Il nous appartient aussi à chacun de faire le choix décisif de notre engagement chrétien quand la providence nous en laisse la possibilité et la liberté. Ci-dessus sont énoncées par Jésus-Christ les onze propositions de marche vers la sainteté. Souscrire aux onze d’un seul coup est réservé aux plus grands des super-Saints. Mais pour nous autres, les petits saints très ordinaires, sans prétention exceptionnelle, sur quelle proposition particulière décidons nous de nous engager. Évidemment le genre de notre sainteté dépend de notre tempérament. Et la diversité des tempéraments fait la richesse et la spécificité humaine (heureusement que nous ne sommes pas des clones).

Heureux en esprit ? Signifie de renoncer à l’esprit du monde, celui de se fondre dans une course illusoire au pouvoir, à la gloire et à la richesse en se livrant aux compromissions morales. L’heureux en esprit a renoncé à ce genre de lutte. L’heureux en esprit a choisi de demeurer petit, invisible, dans le monde, avec simplicité.

Heureux en douceur ? Celui là renonce à la colère. Il renonce à l’affirmation trop forte de soi, de crainte de ne blesser son prochain d’une colère qui pourrait l’atteindre. Cependant renoncer à la colère ne signifie pas renoncer à l’indignation. Il y a bien des choses intolérables dans ce monde.

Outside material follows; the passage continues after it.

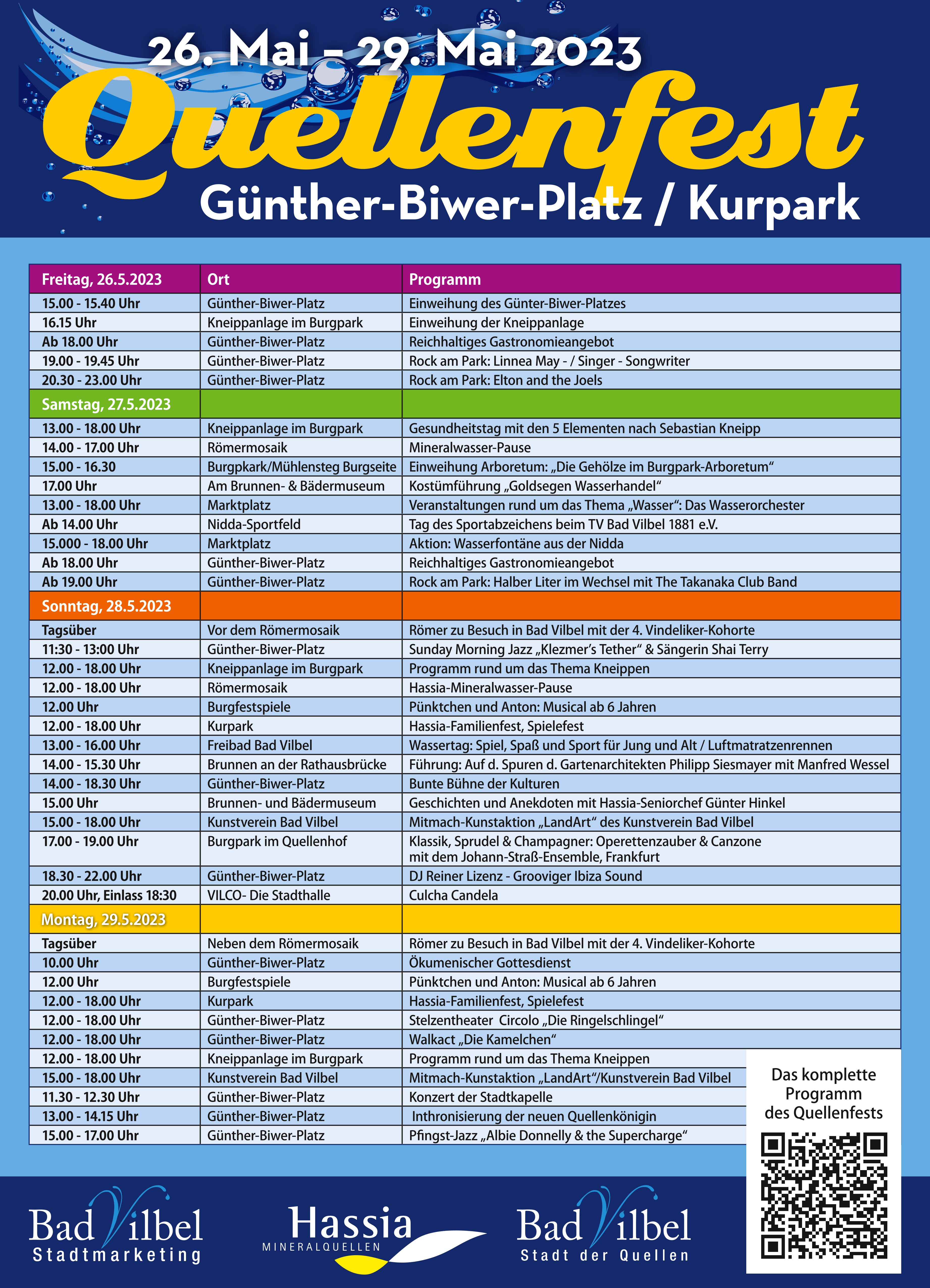 Kistenklettern, Kinderschminken und viele weitere Aktivitäten erwarten kleine und große Besucher zum Quellenfest im Kurpark. Von 12 bis 18 Uhr am Pfingst-Sonntag und -Montag kann nach Herzenslust gespielt, gehüpft, geklettert, gebastelt und gelacht werden. Am Montag findet das Quellenfest-Programm auch auf dem Günther Biwer-Platz statt: ein ökumenischer Gottesdienst aller Bad Vilbeler Kirchengemeinden, die Stadtkapelle sowie die Jazz-Bang „Albie Donnelly‘s Supercharge“ stehen auf der Bühne. Höhepunkt wird die Inthronisation der neuen Quellenkönigen sein. Daneben bieten Walking Acts sowie das Familienzentrum und der Kunstverein Bad Vilbel individuelle Aktionen an. Radio FFH-Moderator Frank Pieroth führt durch das Programm. Der Eintritt ist natürlich frei.

Heureux les affligés ?  Celui qui est plongé dans le malheur et qui malgré son affliction persévère dans la vie. Il fait l’honneur de la grandeur humaine qui accepte son humble condition sans se révolter de son sort, sans porter rancune aux autres et à Dieu.

Heureux les affamés et assoiffés de la justice ? Cela suppose de prendre acte de l’inexistence de véritable justice dans le monde, de ne jamais l’oublier sans s’en désespérer. La phrase ne dit pas s’il faut œuvrer pour apporter la justice en ce monde ? Probablement l’action purement humaine ne suffit pas. Il faut faire confiance en Dieu pour l’avènement du royaume sur terre en lui offrant notre concours.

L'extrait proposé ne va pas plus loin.